Route information
- Length: 67 km (42 mi)

Major junctions
- N end: San Lorenzo
- S end: Pueblo Esther

Location
- Country: Argentina

Highway system
- Highways in Argentina;

= National Route A012 (Argentina) =

Highway in Argentina

National Route A012 is a road in the southeast of Santa Fe Province, Argentina. It has a semi-circular length centered on the city of Rosario, running as a long-length beltway. From the National Route 9 junction on km marker 278, in the town of Pueblo Esther, to the junction with National Route 11 on km marker 326 in the city of San Lorenzo it runs for 67 km all paved.

This road is popularly known as the Second Rosario Beltway, as it border the metropolitan area of greater Rosario (the third biggest city in Argentina). The First Rosario Beltway is National Route A008, which surrounds the city center.

Through National Decree 1595 of 1979 this road changed to federal control.
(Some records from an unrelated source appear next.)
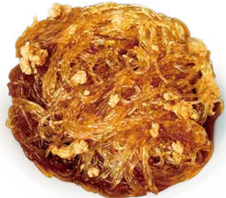
26 SPAGHETTI DI SOIA CON CARNE soya noodles with meat
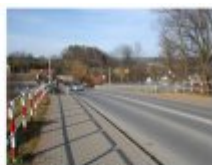
Most na Rabie (Fot. 13)
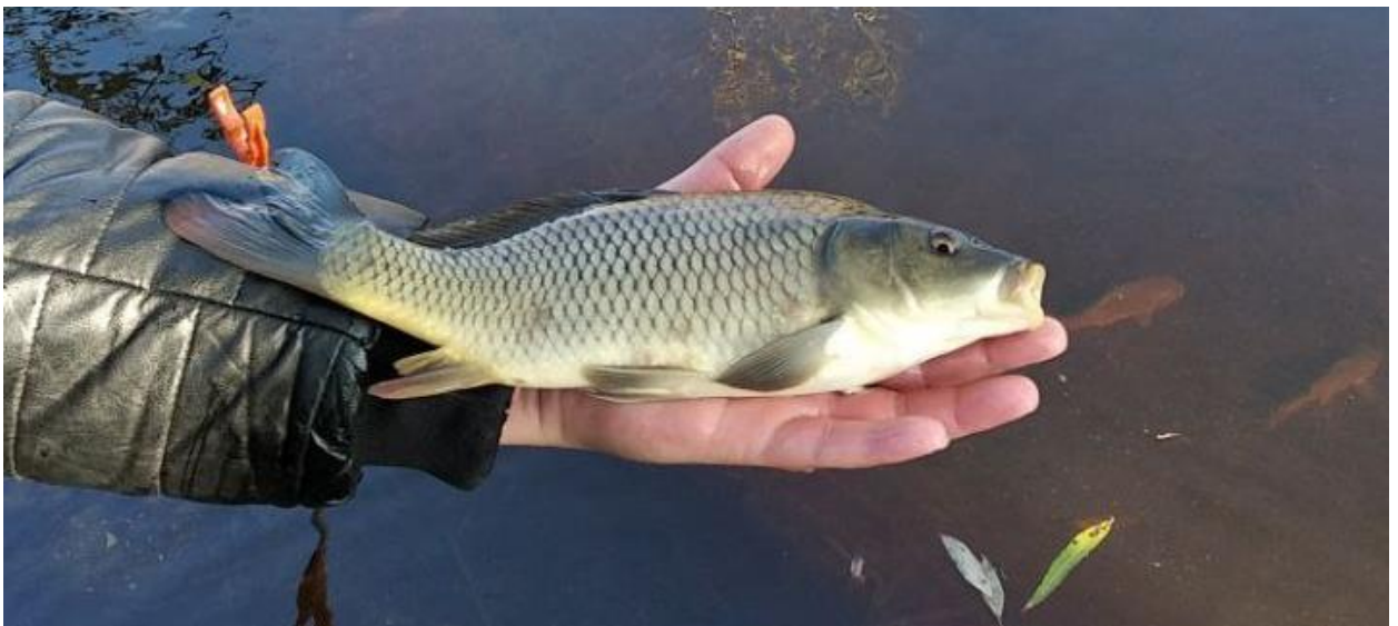
Рис. 1.2. Короп лускатий ( Cyprinus carpio L. )

Короп звичайний ( Cyprinus carpio L. ) є провідним об'єктом ставового рибництва в Україні та одним із найбільш культивованих видів прісноводних риб у світі. За даними Інституту рибного господарства НААН України, частка коропа у структурі вирощуваної ставової риби становить 55–65 %, що зумовлено сприятливими біологічними особливостями виду – високим темпом росту, всеїдністю, толерантністю до коливань абіотичних факторів водного середовища і високими харчосмаковими властивостями м'яса. Світове виробництво коропа у системах аквакультури перевищує 4 млн тонн на рік, при цьому країни Центральної та Східної Європи традиційно орієнтуються на екстенсивну та напівінтенсивну ставову культуру (рис.1.2.) [10, 16, 35].
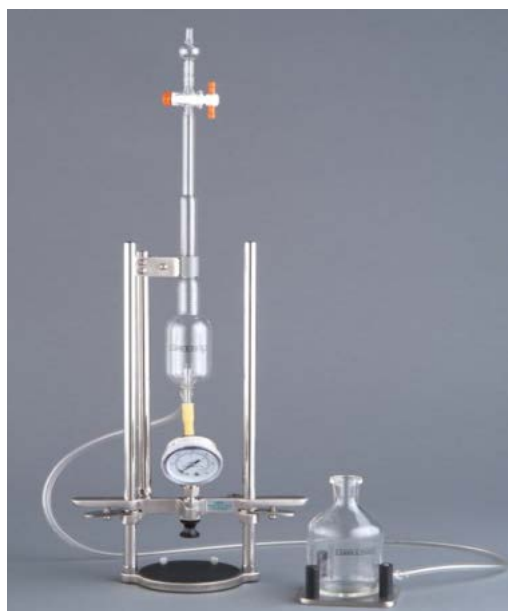
Figura 1. Analizador de CO2 y espacio de cabeza en bebidas carbonatas en lata y botella. Headspace “Air” Testers for Cans & Bottles.

El equipo de perforación asegura el tapón de la botella o la parte superior de la lata, se logra su cierre hermético mediante una junta de goma y una broca para perforar el envase, se conecta a un manómetro y una válvula de salida de gas. (Figura 1)
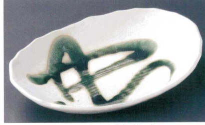
ソ137-23-2 白マット織部流し 大皿 (27×20.5×4cm) ¥1,750 1604172042
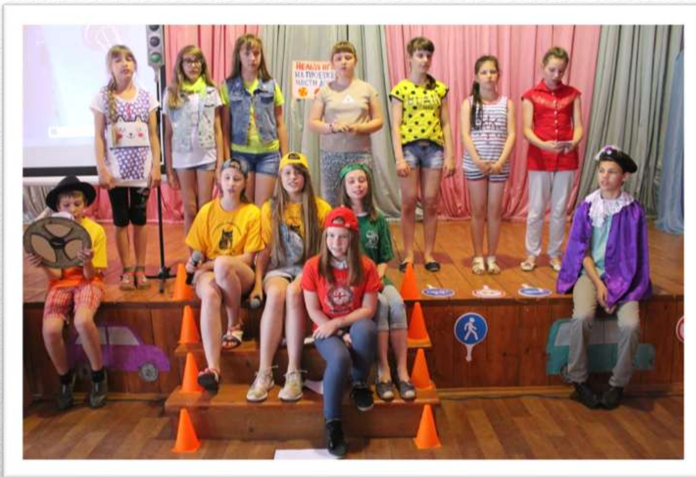
Дорожный спектакль по ПДД

Previously this road was called Provincial Route 16.

==Route==
The cities and villages through which this route passes, in a clockwise direction, are the following (villages with less than 5000 inhabitants are in italics):
- Santa Fe Province
Route: 67 km (km 0-67).
- Rosario Departament: Piñero (km 15) and Zavalla (km 24).
- San Lorenzo Departament: Roldán (km 42), Ricardone (km 61) and San Lorenzo (km 66-67).